## [Brief]
Write out the full set of records exactly. Any pictures in them do not belong in the copy.

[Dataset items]
★ ★ ★
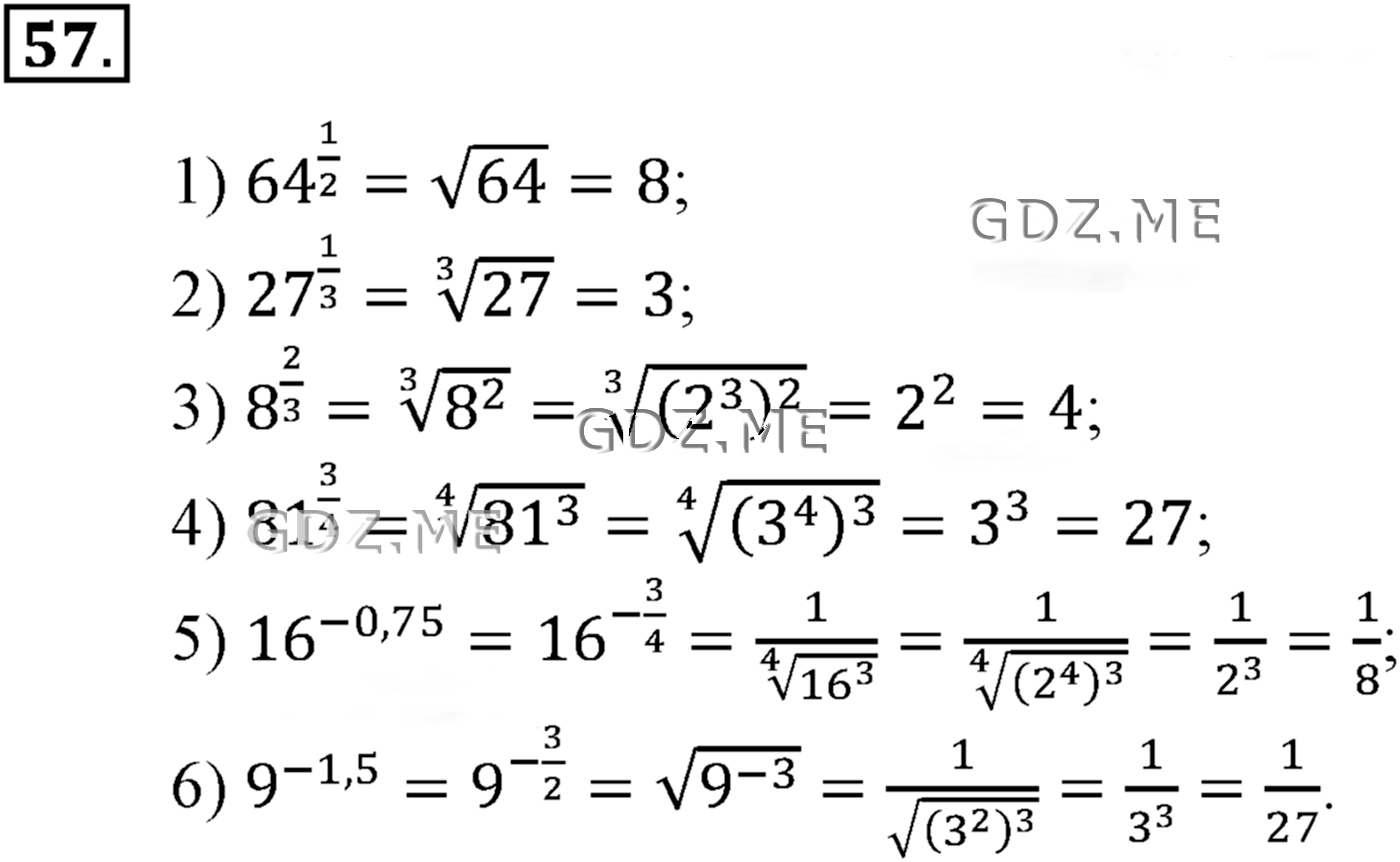 ГДЗ по Алгебре за 10 и 11 класс Алимов, Колягин. Ответ на Задание номер 57 (Глава 1 Степенная функция)
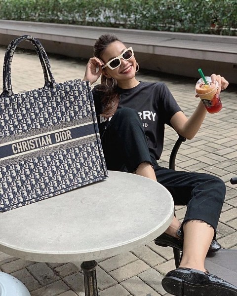 Bộ sưu tập túi hiệu của Thanh Hằng có chiếc Book Tote nổi tiếng của Dior, giá 3.350 USD (hơn 88 triệu đồng). Cô cho biết thích thiết kế vì đựng được nhiều đồ, phù hợp với phong cách phóng khoáng.
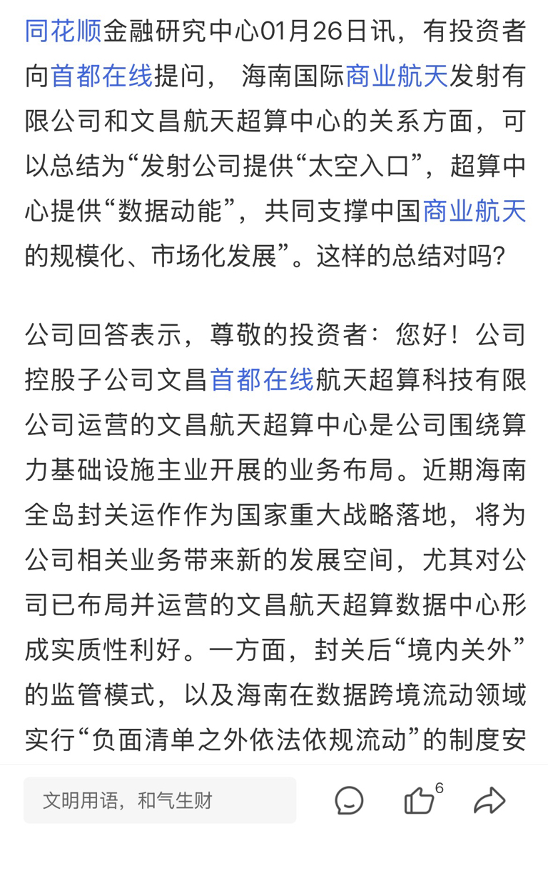 $首都在线(SZ300846)$ 航天算力这么硬的逻辑
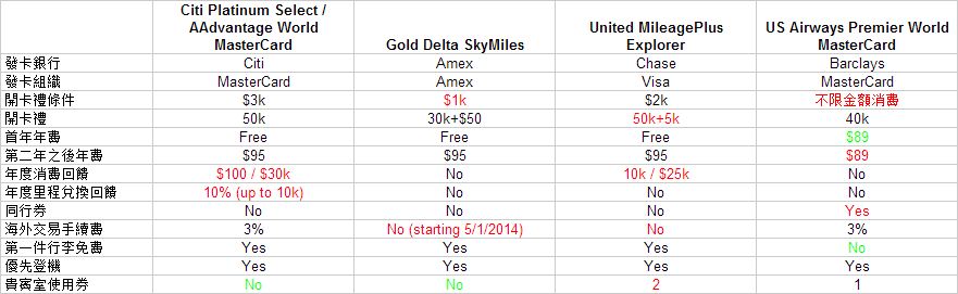 (註:1. 僅列出各家航空公司聯名卡的入門版本 2. 僅比較美國四大國際航空公司,廉價和其他地域型航空不在比較範圍內 3. 表格內容是精簡過的,詳細說明及條款請參考官方網站 4. 各種開卡禮、福利和條款均有隨時變動的可能,辦卡前也請務必參考官方網站)
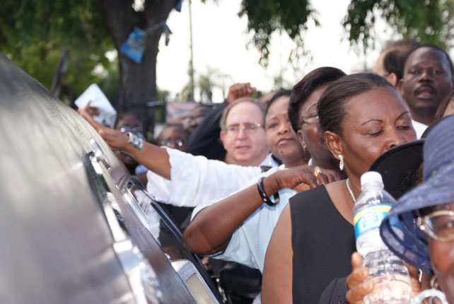 A final farewell at Veye Yo June 6, 2009 memorial procession's gathering at Veye Yo, Father Jean Juste's grassroots organization on 54th Street. *
★ ★ ★
## [Solution below]
 ГДЗ по Алгебре за 10 и 11 класс Алимов, Колягин. Ответ на Задание номер 57 (Глава 1 Степенная функция)
 Bộ sưu tập túi hiệu của Thanh Hằng có chiếc Book Tote nổi tiếng của Dior, giá 3.350 USD (hơn 88 triệu đồng). Cô cho biết thích thiết kế vì đựng được nhiều đồ, phù hợp với phong cách phóng khoáng.
 $首都在线(SZ300846)$ 航天算力这么硬的逻辑
 (註:1. 僅列出各家航空公司聯名卡的入門版本 2. 僅比較美國四大國際航空公司,廉價和其他地域型航空不在比較範圍內 3. 表格內容是精簡過的,詳細說明及條款請參考官方網站 4. 各種開卡禮、福利和條款均有隨時變動的可能,辦卡前也請務必參考官方網站)
 A final farewell at Veye Yo June 6, 2009 memorial procession's gathering at Veye Yo, Father Jean Juste's grassroots organization on 54th Street. *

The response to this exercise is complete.